* PROBLEM REQUIREMENTS *
Please copy the lines below, exactly as they are, from the one with "- If the number" through the one with "E510110 MILES Колодки", and leave out the pictures.

[[ AVAILABLE RECORDS, beginning ]]

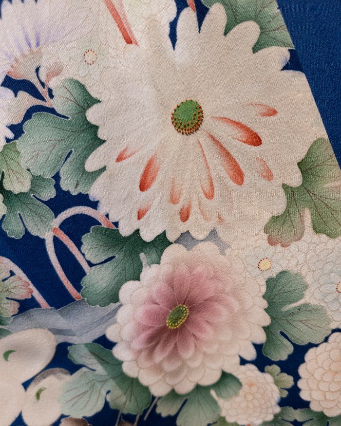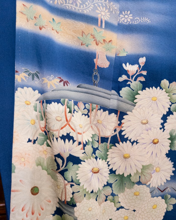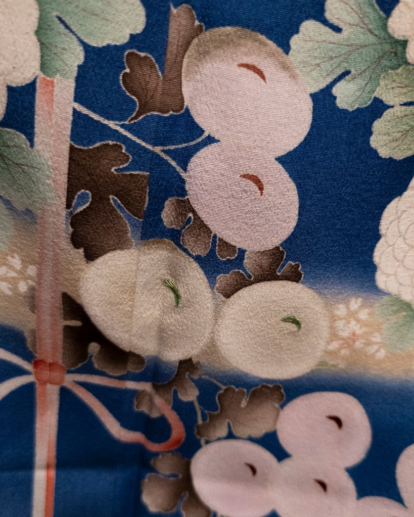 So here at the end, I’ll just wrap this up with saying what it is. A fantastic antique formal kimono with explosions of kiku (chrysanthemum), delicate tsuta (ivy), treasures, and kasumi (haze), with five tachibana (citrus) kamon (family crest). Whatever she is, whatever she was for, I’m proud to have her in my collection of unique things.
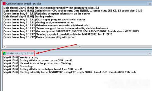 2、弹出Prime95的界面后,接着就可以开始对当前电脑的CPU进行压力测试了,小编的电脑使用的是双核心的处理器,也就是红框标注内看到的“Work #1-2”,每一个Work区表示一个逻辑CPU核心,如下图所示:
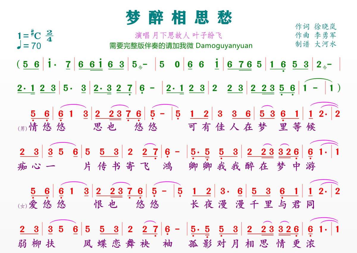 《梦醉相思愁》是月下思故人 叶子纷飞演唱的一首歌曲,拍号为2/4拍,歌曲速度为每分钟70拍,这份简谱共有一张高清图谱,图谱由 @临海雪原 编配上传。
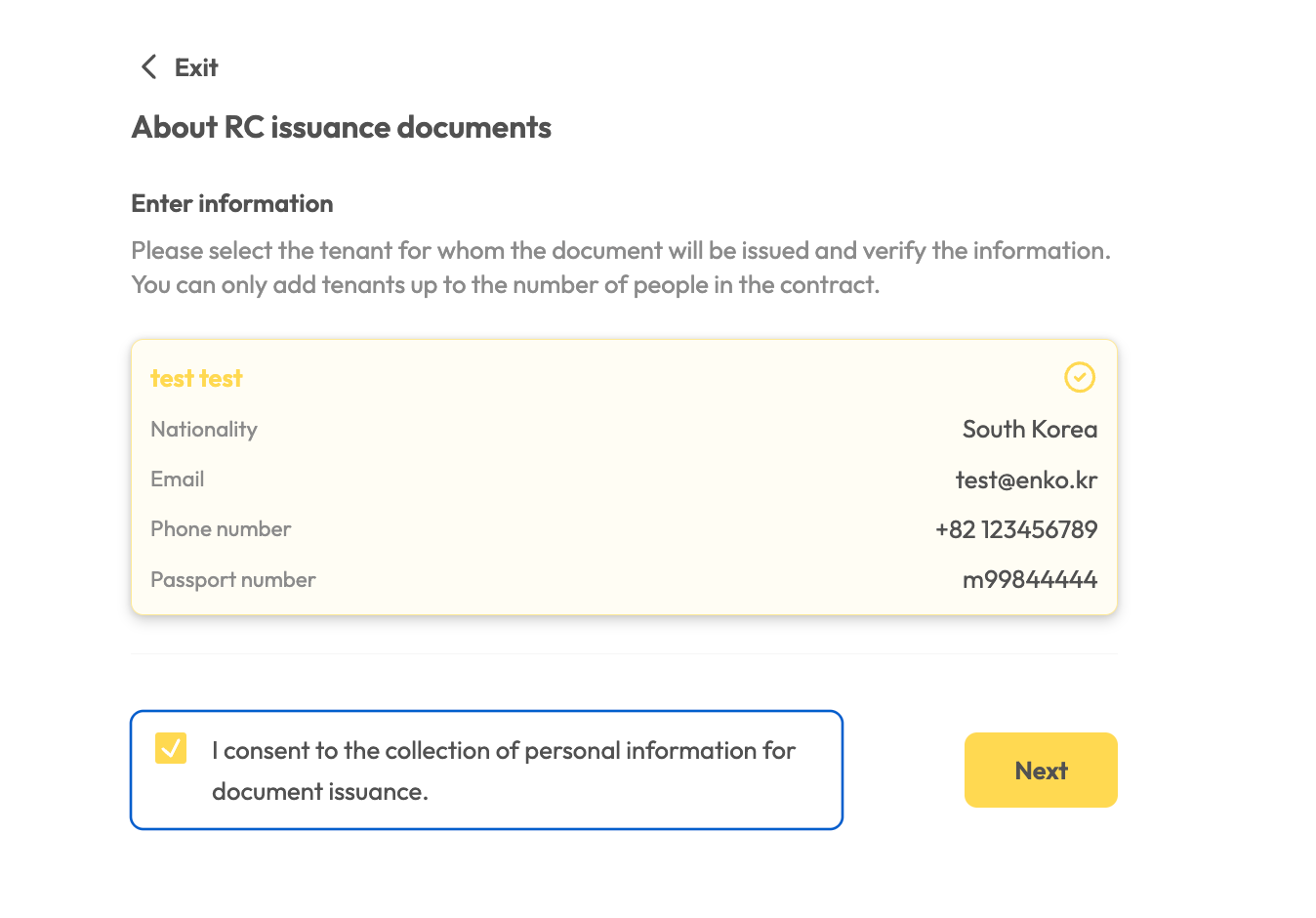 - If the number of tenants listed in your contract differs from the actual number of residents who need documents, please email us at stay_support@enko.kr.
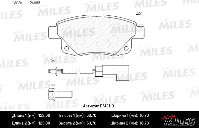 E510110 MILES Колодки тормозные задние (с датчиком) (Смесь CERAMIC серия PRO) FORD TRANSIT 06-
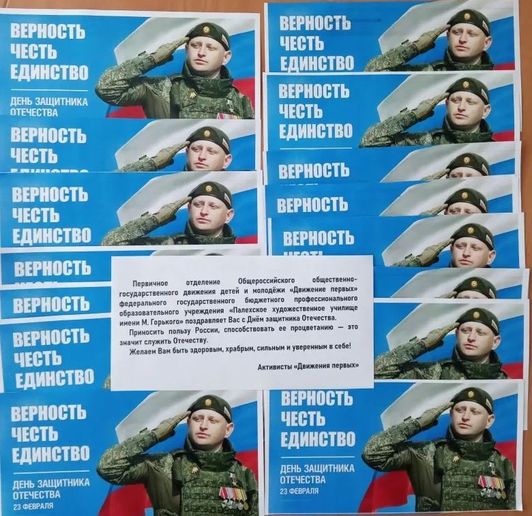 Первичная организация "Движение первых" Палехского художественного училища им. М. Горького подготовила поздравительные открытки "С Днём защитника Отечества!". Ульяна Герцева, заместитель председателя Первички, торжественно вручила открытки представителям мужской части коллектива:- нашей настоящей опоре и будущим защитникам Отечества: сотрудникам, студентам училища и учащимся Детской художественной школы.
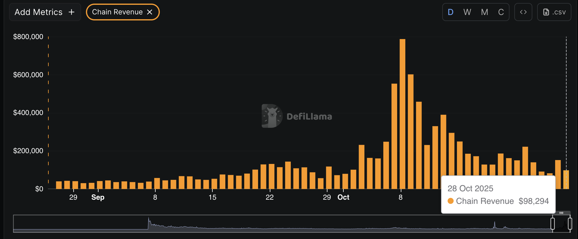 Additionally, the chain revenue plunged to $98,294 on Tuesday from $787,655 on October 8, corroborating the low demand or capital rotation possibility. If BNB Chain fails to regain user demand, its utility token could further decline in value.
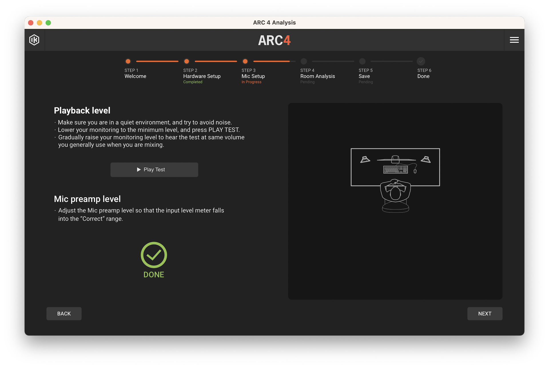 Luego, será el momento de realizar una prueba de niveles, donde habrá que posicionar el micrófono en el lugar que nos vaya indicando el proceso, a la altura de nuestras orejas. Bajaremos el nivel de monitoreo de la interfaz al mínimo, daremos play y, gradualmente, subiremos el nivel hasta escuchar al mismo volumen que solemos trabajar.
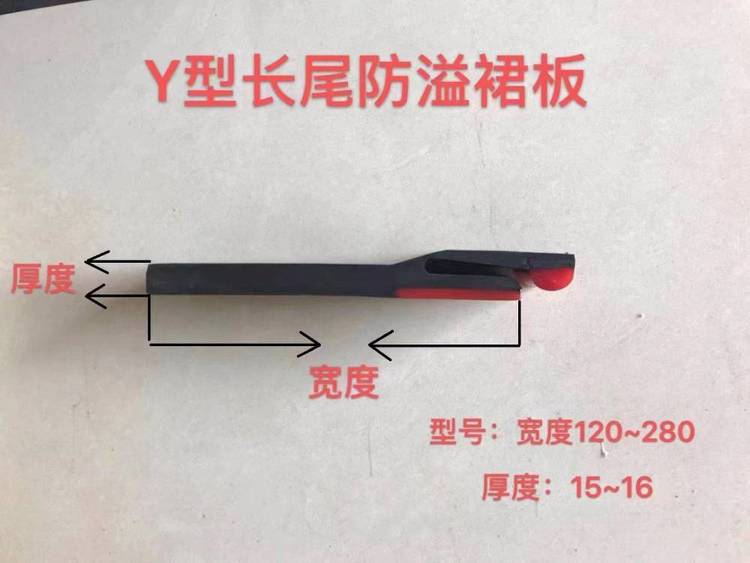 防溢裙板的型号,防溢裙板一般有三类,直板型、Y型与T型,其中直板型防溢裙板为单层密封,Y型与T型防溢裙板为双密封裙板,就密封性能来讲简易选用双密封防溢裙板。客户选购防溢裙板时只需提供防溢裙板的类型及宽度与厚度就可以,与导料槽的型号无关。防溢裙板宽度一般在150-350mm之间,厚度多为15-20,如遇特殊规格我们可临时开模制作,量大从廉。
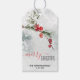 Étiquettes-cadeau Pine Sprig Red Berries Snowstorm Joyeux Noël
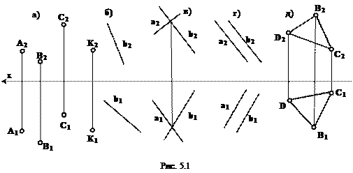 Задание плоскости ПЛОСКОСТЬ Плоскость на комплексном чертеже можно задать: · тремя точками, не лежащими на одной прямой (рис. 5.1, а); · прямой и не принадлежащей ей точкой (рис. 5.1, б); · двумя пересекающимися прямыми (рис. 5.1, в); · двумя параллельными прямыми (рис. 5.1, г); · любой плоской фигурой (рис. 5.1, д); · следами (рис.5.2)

[[ AVAILABLE RECORDS, end ]]

* OUTPUT OF THE EXERCISE *
 - If the number of tenants listed in your contract differs from the actual number of residents who need documents, please email us at stay_support@enko.kr.
 E510110 MILES Колодки тормозные задние (с датчиком) (Смесь CERAMIC серия PRO) FORD TRANSIT 06-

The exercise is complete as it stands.